Frequently Asked Questions
CNA is the project name. It reflects the C++ nature of the reimplementation and draws on the XNA lineage. It is not an official acronym — think of it as "C++ native approach to XNA" or simply the project identifier for this open-source effort.
No. CNA is a work in progress. XNA 4.0 API coverage is partial, not all backends are complete, and the project has not been validated for production game development. It is suitable for experimentation, engine research, and open-source contribution. Use it to explore the concepts, but do not ship production games with it at this stage.
FNA is an excellent managed C# reimplementation of XNA 4.0. It targets the .NET runtime, is binary-compatible with XNA 4.0, and is used commercially. CNA is a completely separate, C++-only project. It does not provide C# bindings. It targets engineers who need or want native C++ — no managed runtime, no garbage collector. CNA shares the Ms-PL licence with FNA and draws on it as a reference, but the two projects are independent and serve different ecosystems.
MonoGame is a cross-platform C# successor to XNA used commercially to ship games. It is mature, production-tested, and C#-based. CNA is a C++ project with a different target audience — engineers building in C++ who want an XNA-style framework without a managed runtime. Both MonoGame and FNA are better choices if you want to build games in C# today. CNA is for the C++ ecosystem specifically.
Several reasons:
- No managed runtime: C++ avoids garbage collection pauses, managed heap overhead, and JIT warmup. Useful for performance-critical or embedded scenarios.
- Toolchain flexibility: C++ integrates naturally with any C or C++ codebase, LLVM toolchains, console SDKs, and embedded targets that may not support .NET.
- Engine foundation: CNA is the intended runtime base for Nova-3D, which requires the control that only native code provides.
- API preservation: The XNA programming model is genuinely good design. Preserving it in C++ gives the XNA conceptual clarity to the C++ ecosystem.
No. CNA is an independent open-source project with no affiliation with or endorsement by Microsoft Corporation. XNA is referenced as the compatibility target and API inspiration only. XNA is a trademark of Microsoft. CNA does not use any Microsoft or XNA branding assets.

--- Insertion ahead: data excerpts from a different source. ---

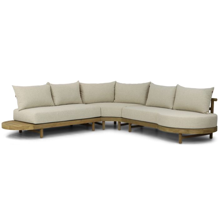 De Santika Kayu loungeset is volledig vervaardigd uit teakhout, een materiaal dat bekend staat om zijn duurzaamheid en weerbestendigheid. Het warme karakter van teakhout geeft de set een tijdloze uitstraling die naadloos aansluit bij verschillende tuinstijlen. Het unieke ontwerp met ronde vormen en een praktische hoekopstelling creëert een gezellige en uitnodigende sfeer, ideaal voor zowel grote als kleine buitenruimtes.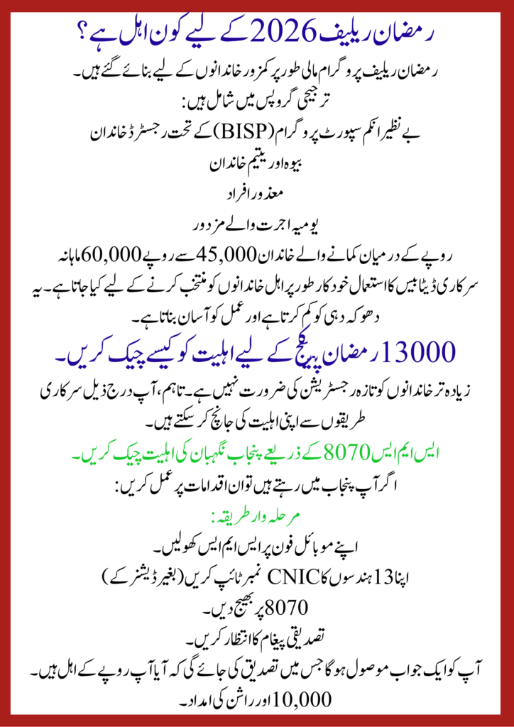How to Check Eligibility for 13000 Ramzan Package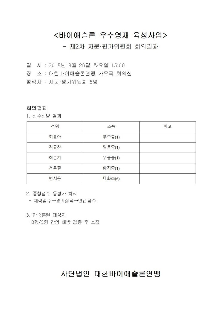 ¿ì¼ö¿µÀçÀ°¼º»ç¾÷ ¼±¼ö¼±¹ß °á°ú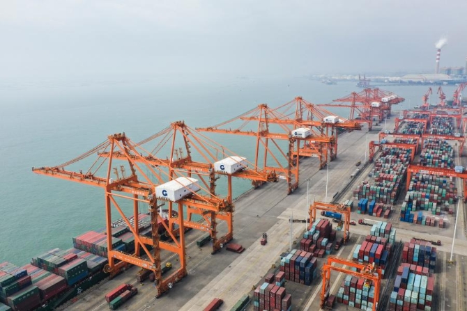 這是中國(廣西)自由貿(mào)易試驗(yàn)區(qū)欽州港片區(qū)的集裝箱碼頭(2019年11月23日攝,無人機(jī)照片)。新華社記者 曹祎銘 攝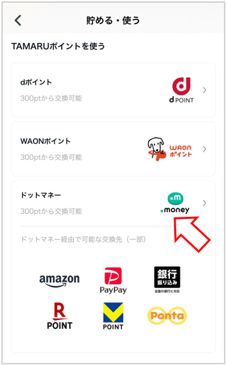 【TAMARUポイント → ドットマネー → 交換先サービス】

CNA is licensed under the Microsoft Public License (Ms-PL). This is the same licence used by FNA, reflecting that portions of CNA draw on FNA as a reference. The Ms-PL is a permissive open-source licence. See the LICENSE file for the full terms.
For getting started: SDL_RENDERER. It is the most portable and simplest backend. For Linux with custom shader work: EASYGL. For multi-API portability once it is complete: BGFX. The Vulkan backend is a scaffold and not usable yet. See Rendering Backends for a full comparison.
Not yet. Android and Emscripten (WebAssembly) are planned Phase 2 milestones. SDL3 supports both platforms, making them architecturally feasible. Follow the Roadmap for progress updates.
CNA is open source under Ms-PL. The most valuable contributions at this stage are:
- Implementing missing XNA API classes (see XNA Compatibility for the list)
- Improving backend feature parity (bgfx, Vulkan)
- Writing tests for existing implementation
- Testing on Windows, Android, or Emscripten
- Porting games to CNA to expose API gaps
Nova-3D is a higher-level, opinionated 3D engine that is planned to use CNA as its internal runtime and rendering abstraction layer. Nova-3D development is downstream of CNA — it will not begin in earnest until CNA reaches a stable, broadly-tested state. Think of CNA as the "engine below the engine" for Nova-3D.
sharp-runtime is a utility and runtime support library that CNA's internals depend on. It provides primitives that CNA uses internally but does not expose to the game-facing API layer. It must be cloned as a sibling directory to CNA before building. It has no external dependencies and builds cleanly on all supported platforms.
CNA was designed from the start with SDL3, which is the active development branch of SDL. SDL3 brings API cleanups, improved mobile support, and a more consistent cross-platform experience compared to SDL2. Since CNA is a new project rather than a port, it was natural to start with the latest stable version of SDL.